Callimahos earned a degree in law from Rutgers in accord with his fathers' wishes, but attended Juilliard music school at the age of nineteen and graduated with a degree in 1933. While he started at the bottom of the class, he became head of his class in his second year after encouragement from his teacher, Arthur Lora. After graduation, he continued study in Europe.

==Musical career==
His musical debut was in Munich in 1935 and was heralded as Meisterfloetist. He also played in Vienna and that autumn played an all-Bach programme in Munich, consisting of the seven sonatas and his own transcription for flute and harpsichord of the B-Minor suite. He had a two-year tour of recitals in Europe and was appointed to a professorship in the Mozarteum. Two CDs of his performances were recorded and released.

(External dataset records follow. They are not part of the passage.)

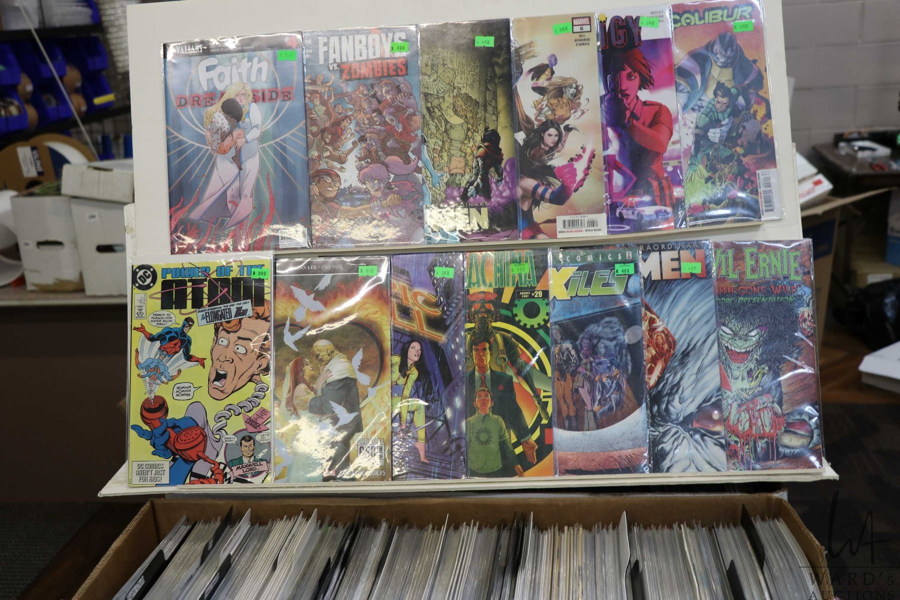 Box of approx. more than 300 comics including Exiles, Fallen Angel, Effigy, X-Men, Evil Ernie, Excalibur, etc. Important: Pickup is in Edmonton. Long comic boxes (28 x 8 x 11.5 and 23kg) will be shipped in 2 boxes approximately 11 x 9 x 12 and 13kg each through Canada Post. Long boxes can be palletized for large invoices. Details to follow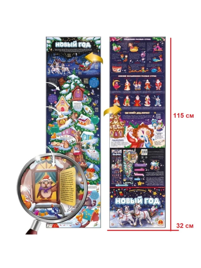 Серия «Плакат с окошками» от торговой марки Malamalama - новая форма с любимым содержанием. Это книжка-трансформер, которая развернётся в плакат и станет отличным украшением дома. Плакат с окошками «Новый год» - это чудесная возможность погрузиться в радостную атмосферу ожидания праздника. Книжка расскажет о том, как добрые лесные зверята украшают домики, готовят подарки и угощение, загадывают желания, веселятся, играют и встречают Дедушку Мороза. Вместе с ними ребёнок поверит, что под Новый год возможны любые чудеса. Переверните плакат - и малыш отправится в предновогоднее путешествие вокруг света, узнает множество интересных фактов о праздничных традициях народов мира и познакомится с зимними волшебниками разных стран. А красочные иллюстрации помогут расширить кругозор и создадут сказочное настроение. Количество страниц 8.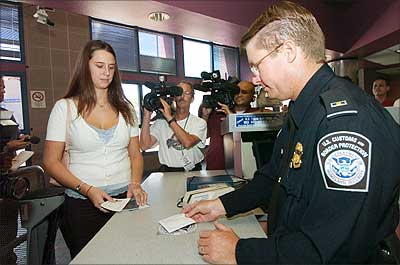 Image: A US government employee watches as her new visa card is passed over a radio sensor by a US Customs agent. The new visa card has an inbeded chip which uses a new radio frequency identification (RFID) technology to record the entries and exits of visitors crossing US land borders. | Photograph: Gary Williams/Getty Images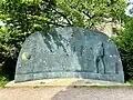 Bernd Stöcker | Der Freudensprung Matthias-Claudius-Denkmal, Geschenk der Claudius-Gesellschaft an Bezirk, bürgerliche Denkmalkultur |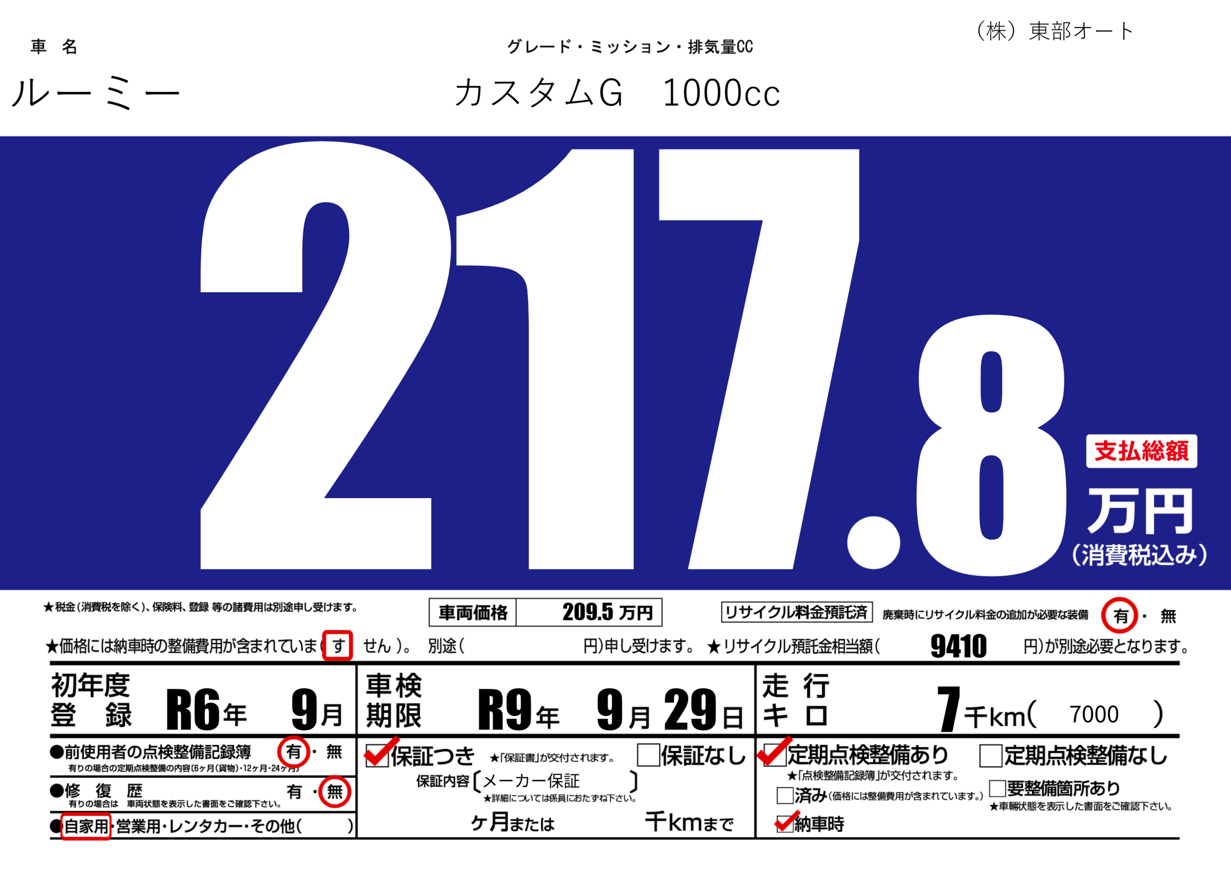 | 走行キロ | 0.7万km | 初年度登録 | R6年9月 |
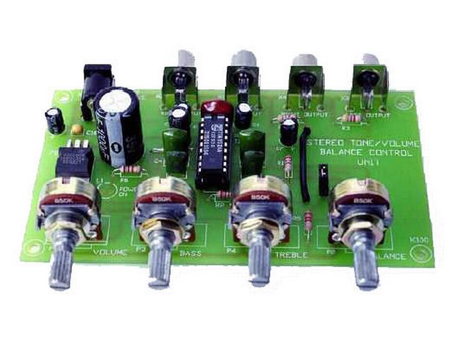Preamplifier for two channels (stereo) with tone control, balance adjustment and loudness control. The kit is built around the IC TDA1524A, which is an integrated amplifier. The amplifier can boost the input signal with up to 20dB and provides control over bass, treble, left/right balance and loudness. Bass and treble can be boosted or attenuated with ±15dB.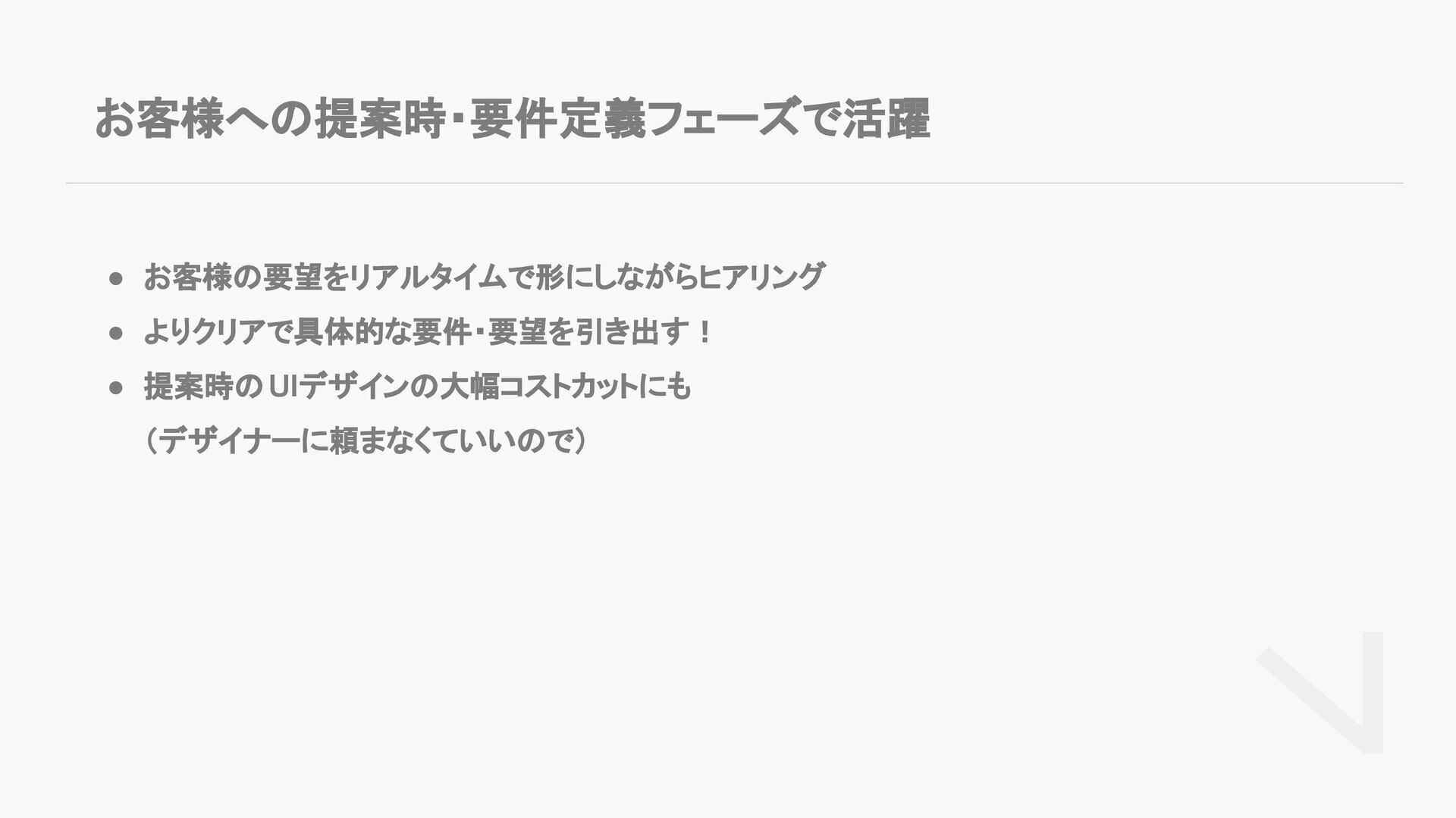 お客様への提案時・要件定義フェーズで活躍 • お客様の要望をリアルタイムで形にしながらヒアリング • よりクリアで具体的な要件・要望を引き出す! • 提案時のUIデザインの大幅コストカットにも (デザイナーに頼まなくていいので)

In April 1937, he had his first United States debut in The Town Hall. He continued to tour both in Europe and the United States.

==World War II==
He joined the United States Army in 1941, hoping his interest in cryptology could be put to service.

He taught Italian and cryptanalysis at Fort Monmouth. He enrolled in a Japanese course and eventually served as a Signals Intelligence officer in New Delhi.

==Later career==
After World War II, he was assigned to the Army Security Agency as assistant to William F. Friedman. When the National Security Agency was formed, both men joined it. During the 1950s he developed the course CA-400, an expansion of Friedman's own intensive-study course. Graduates of the course became members of the Dundee Society. As part of this course he devised the Zendian Problem. He also revised some of Friedman's own work to produce the text Military Cryptanalytics.

According to the official NSA website, he helped establish the NSA Technical Journal in 1955 and served as technical advisor for the rest of his career. Callimahos also "played a crucial role in shaping cryptologic development at NSA."

Health problems forced his retirement in 1976.